Action item: Output only the lines that run from the line holding "Εκατοντάδες κάλπες, παραβάν" to the end of the entries, both ends included, and skip the pictures.

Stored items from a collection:
>>>

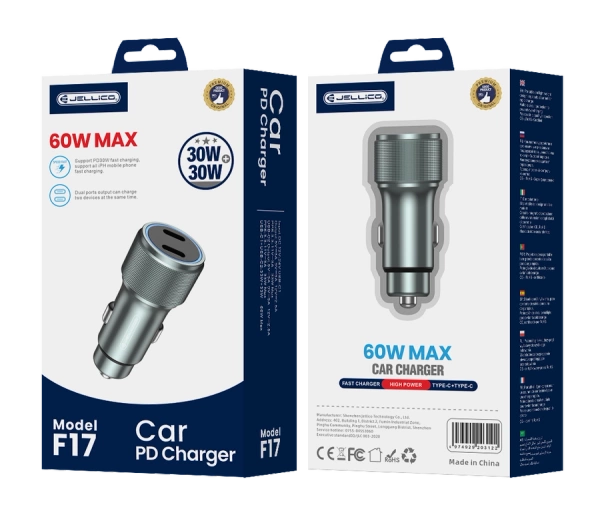 JELLICO ładowarka samochodowa F17 PD 60W 2xUSB-C Czarny
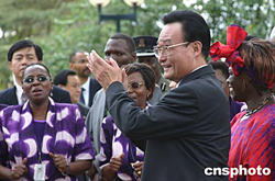 吴邦国委员长来到联合国驻内罗毕总部,受到当地著名合唱团的热烈欢迎。
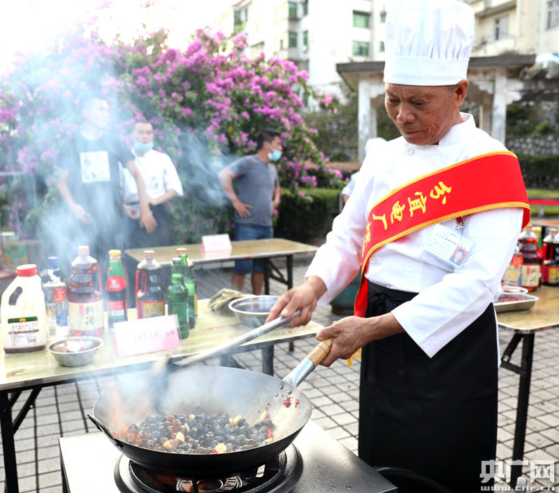 分宜電廠螺螄創(chuàng)始人陳長青在炒螺螄比賽(央廣網(wǎng)發(fā) 通訊員 提供)
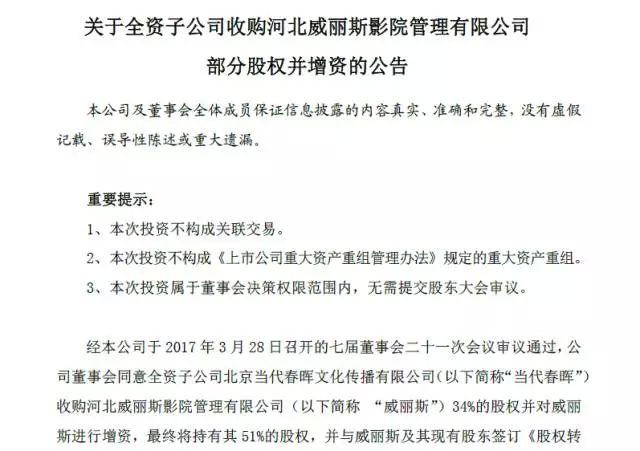 今年3月,当代东方曾公告称,将收购位于石家庄的河北威丽斯影院管理有限公司(以下简称威丽斯),根据威丽斯的董事、创始人石辛栋的说法,当代东方的承诺包括:1、先投入1470万拿下威丽斯34%股权;2、再增资1496万取得51%的控股权;3、最后支付3000万作为财务支持,用于公司项目建设。
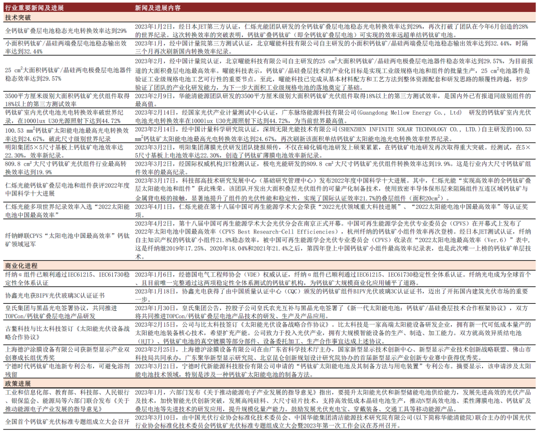 我们梳理1Q23到2Q23,钙钛矿板块值得关注的重点事件包括:
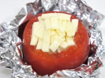 ③トマトに②で作ったものを入れ、上からチーズをかけます。
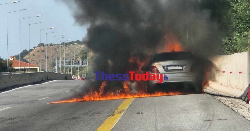 Φωτιά ξέσπασε σε ΙΧ στην Εθνική Οδό Βέροιας – Κοζάνης, με τον οδηγό να απομακρύνεται έγκαιρα από το όχημα.
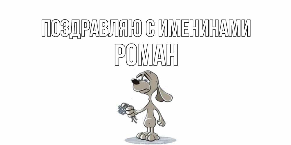 Открытка Поздравляю с именинами Роман. песик скучает и дарит цветы. я по тебе скучаю с песиком
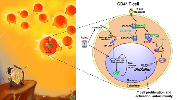 综上,该研究揭示了衰老CD4+ T细胞中不依赖于cGAS/STING的DNA感知信号通路,其可促进T细胞的活化和增殖并导致衰老相关自身免疫病的发生发展。进一步研究和开发阻断T细胞中DNA感知信号传导的抑制剂可能有利于临床治疗与衰老相关的自身免疫性疾病。
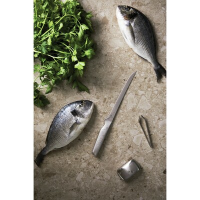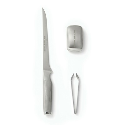 Zestaw do filetowania ryb, nóż do filetowania, szczypce do usuwania ości, metalowe mydło, które usuwa zapach ryb i czosnku, wykonane ze stali nierdzewnej, w pudełku upominkowym
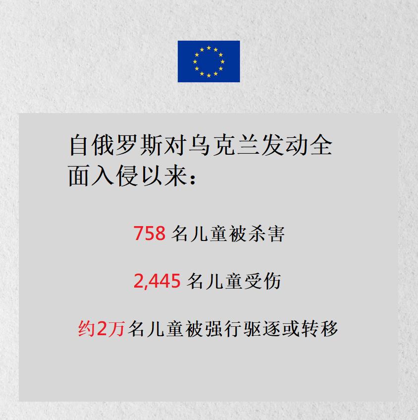 1月21日,欧盟对外行动署在X上发布了一则贴文: 每个孩子的生命都至关重要。自俄罗斯对乌克兰发动全面入侵以来,已有数千名儿童被杀害或受伤。孩子们本应在学校和操场上成长,而非在战争中度过童年。“ 德国和欧盟与乌克兰坚定站在一起。”
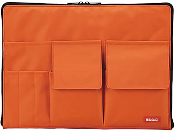 【商品説明】ダブルファスナーで大きくコの字に開くメインポケット。マチなしポケットは、かばんの中から小物を素早く取り出せます。便利なペンポケットは3本収納できます。マチ付ポケットには落下防止の為のフタが付いています(使用しない場合はポケット内部に収納できます)。本体2mm厚のクッション入りで落としても安心。【仕様】●色:橙●サイズ:A4●寸法:幅350×奥行17×高さ255mm●材質:本体/ポリエステル、緩衝材/ポリウレタン●メインポケット×1(ダブルファスナー仕様)、マチなしポケット×2、マチ付きポケット×2、ペンポケット×3 <ジェットプライス>
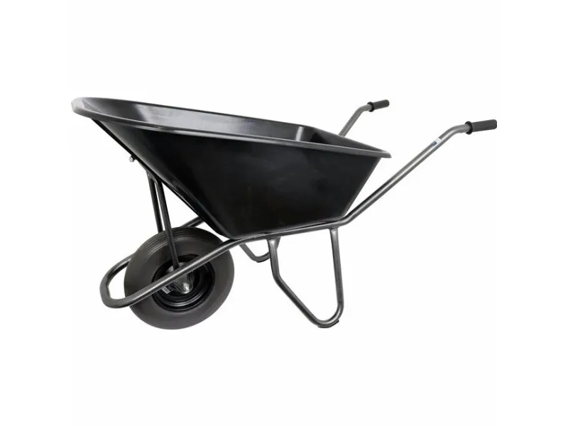 HOME It® Garden trillebør med 110 liters plastbalje og koksgråt punkterfrit dæk i størrelsen 16"×400-8 på zinkbehandlet og matlakeret stålfælg. Trillebøren er ideel til alle former for arbejde i haven og omkring huset. Trillebørens stel i Ø30 mm stålrør er zinkbehandlet og hammerton-pulverlakeret af hensyn til holdbarheden. Mål: L137×B71×H78 cm Mål, balje: L94×B61×D56 cm Belastning: maks. 100 kg
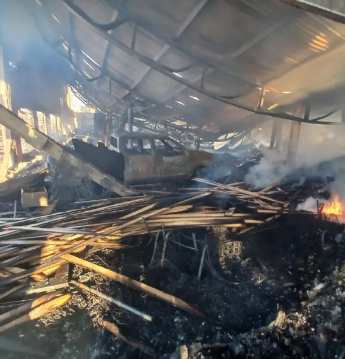 El predio, de unos 600 metros cuadrados, consta de una empresa maderera en el medio y que ocupa casi todo el tinglado erigido a la vera de la autovía de Ruta 5. A los lados también se encuentran una colchonería y una tienda de ropas deportivas. Todo el complejo quedó completamente destruido.
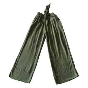 Halston High Paperbag Waist Wide Leg Trousers with elastic waist and tie belt in sage green.
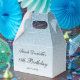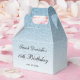 This beautiful favor box features faux glitter and your custom text. Use the template form the add your information. The "Customize Further" feature can be used to change the font and the text layout. You can also add text to the other side of the favor box.
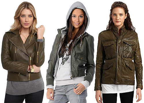 Aside from your favorite cozy peacoat, warm puffer jacket, and trim-and-tailored blazers, everyone needs a leather jacket (or faux leather one!) to carry them through the fall season! And nowadays, as the leather look has expanded from everything to sporty bombers and moto styles to even military jackets and blazers, leather jackets are no longer best reserved for just achieving the biker look. And what better way to update your classic black leather jacket than with a fresh, fall-friendly shade like olive green? While a green leather jacket sounds like a bit of a fashion risk, a toned-down neutral like olive still goes with nearly everything and really pops with fall’s favorite jewel tones, and adds a dose of seasonal color to otherwise monochromatic autumn ensembles. Whether you’re looking for something moto-inspired, military chic, or a casual bomber style for cozy fall layering, olive green is a cool way to stay warm in leather this season!
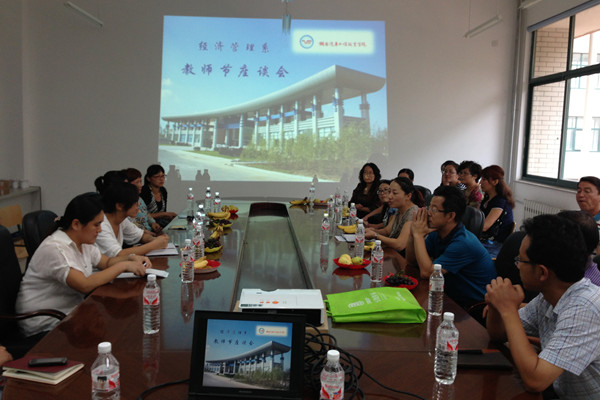 9月9日,经济管理系在系会议室召开教师节座谈会,大家在欢声笑语中喜迎第29个教师节。
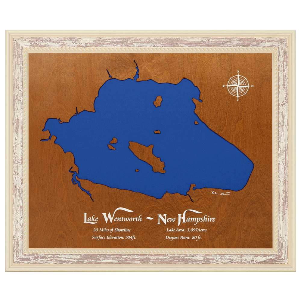 Lake Wentworth, New Hampshire Stained Wood and Distressed White Frame Lake Map Silhouette
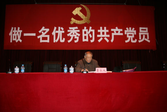 2010年1月14日下午,后勤集團黨委在七號樓報告廳組織全體黨員及入黨積極分子進行黨課學習。黨課的主講人邀請的是原北京理工大學總務長曹永義,曹老今年已八十歲高齡,離休二十年來一直關心學校的建設發展,尤其對后勤的改革發展十分關心,對后勤有著濃厚的感情,對后勤工作戰線上的黨員同志有很多期望和寄語,為此集團黨委組織了這次聽老黨員講如何“做一名優秀的共產黨員”。黨課由后勤集團黨委副書記姜金鳳主持。
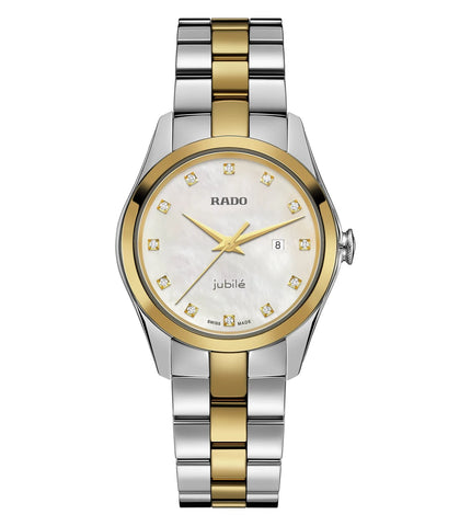 Rado R32975912 Hyperchrome Analog Watch for Women Online. The HyperChrome Quartz features a 30mm polished stainless-steel case and crown and a polished yellow gold coloured Ceramos™ bezel, which matches with the 3-row polished stainless steel bracelet with yellow gold coloured Ceramos™ middle links. The white mother-of-pearl dial with 12 diamonds is covered by a curved sapphire crystal with anti-reflective coating on both sides. The watch has a water resistance of 5 bar. The date is displayed at 3 o’clock.
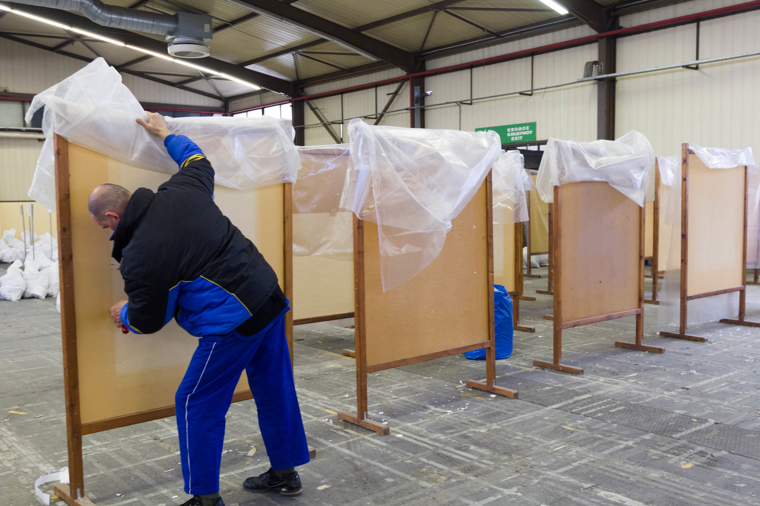 Εκατοντάδες κάλπες, παραβάν και εκατομμύρια ψηφοδέλτια συγκεντρώθηκαν από τους υπαλλήλους του δήμου Θεσσαλονίκης στο περίπτερο 4 της Διεθνούς Έκθεσης Θεσσαλονίκης.
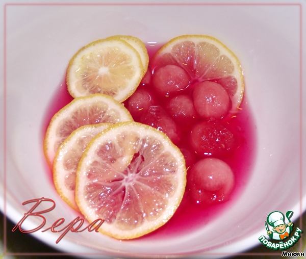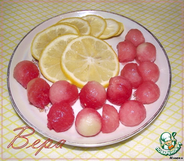 В глубокую посуду выложить арбуз и лимонные дольки,
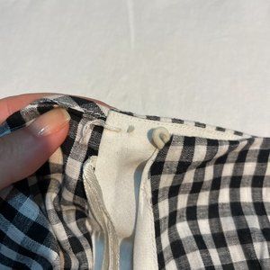 Fully lined gingham wrap mini-skirt with side tie closure, 100% cotton; Lining - 100% rayon, Hand wash. Lightly worn, like new except hook & eye closure is ripped.
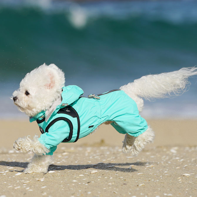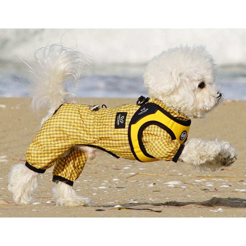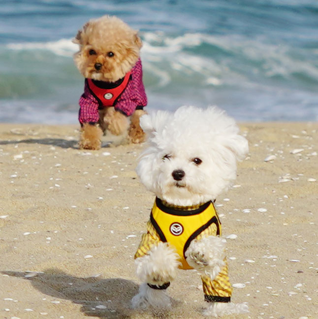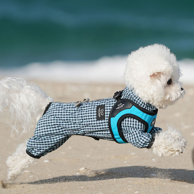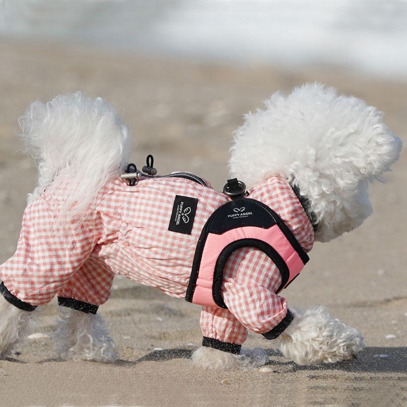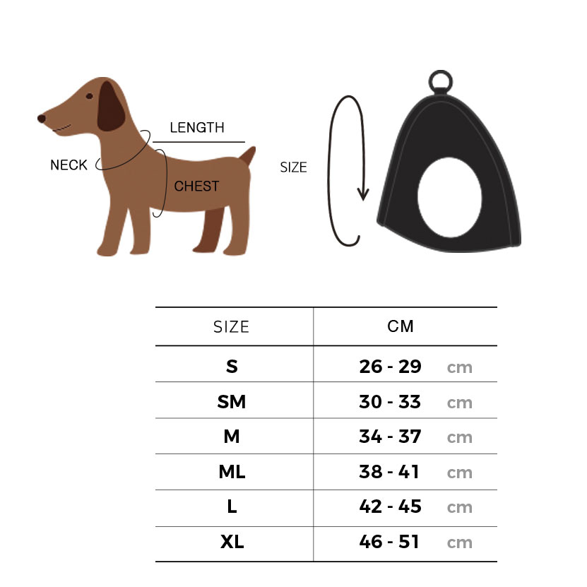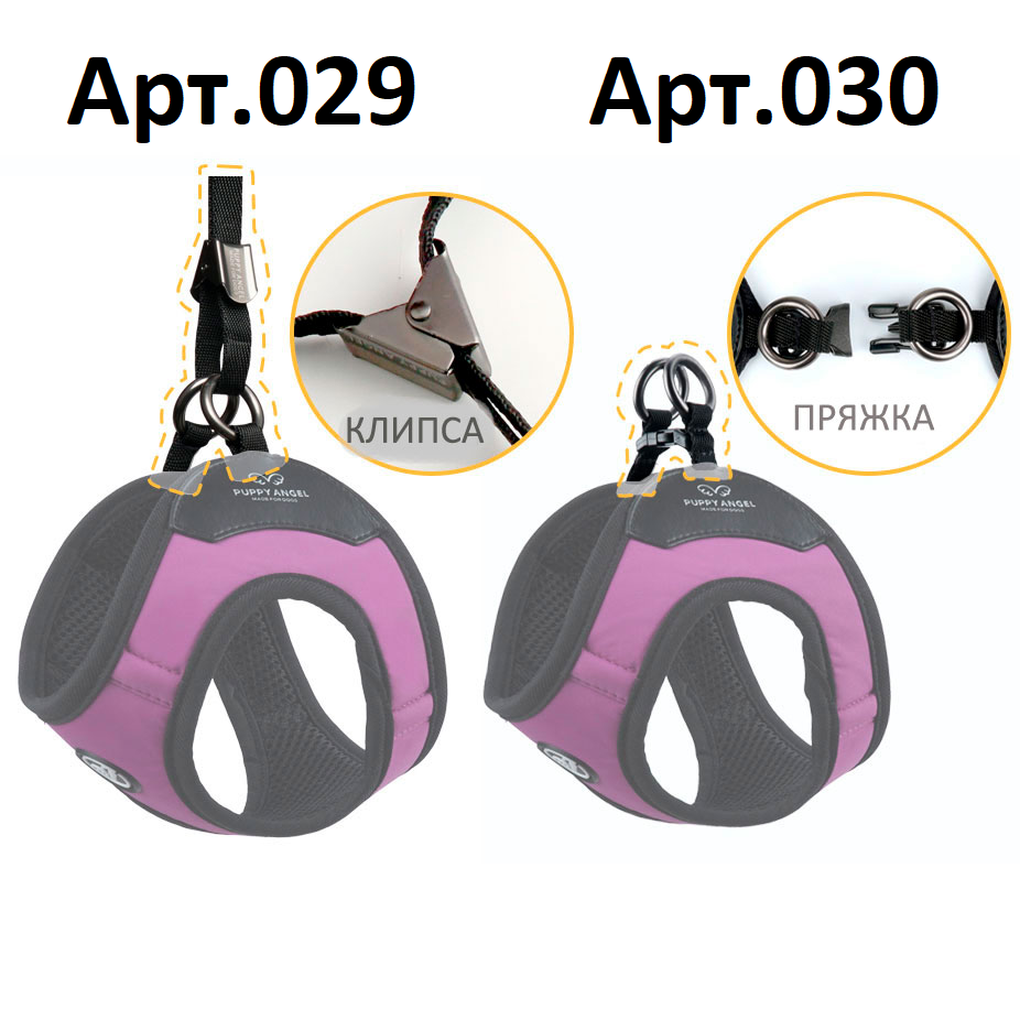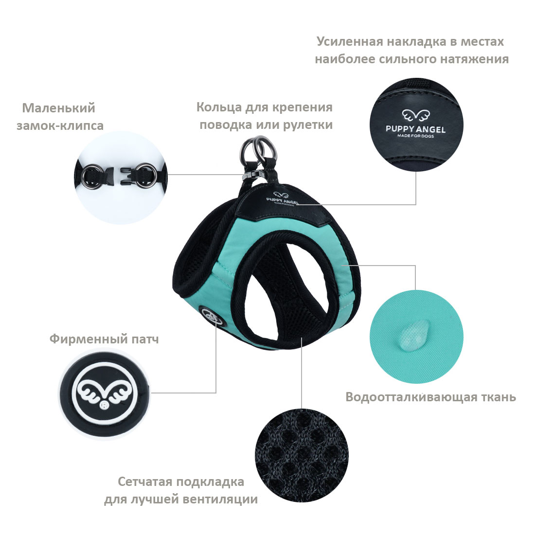 - Застежка - карабин на спине и 2 усиленных кольца для правильного распределения нагрузки на шлейке и фиксации поводка;

<<<

Answer to this exercise:
 Εκατοντάδες κάλπες, παραβάν και εκατομμύρια ψηφοδέλτια συγκεντρώθηκαν από τους υπαλλήλους του δήμου Θεσσαλονίκης στο περίπτερο 4 της Διεθνούς Έκθεσης Θεσσαλονίκης.
 В глубокую посуду выложить арбуз и лимонные дольки,
 Fully lined gingham wrap mini-skirt with side tie closure, 100% cotton; Lining - 100% rayon, Hand wash. Lightly worn, like new except hook & eye closure is ripped.
 - Застежка - карабин на спине и 2 усиленных кольца для правильного распределения нагрузки на шлейке и фиксации поводка;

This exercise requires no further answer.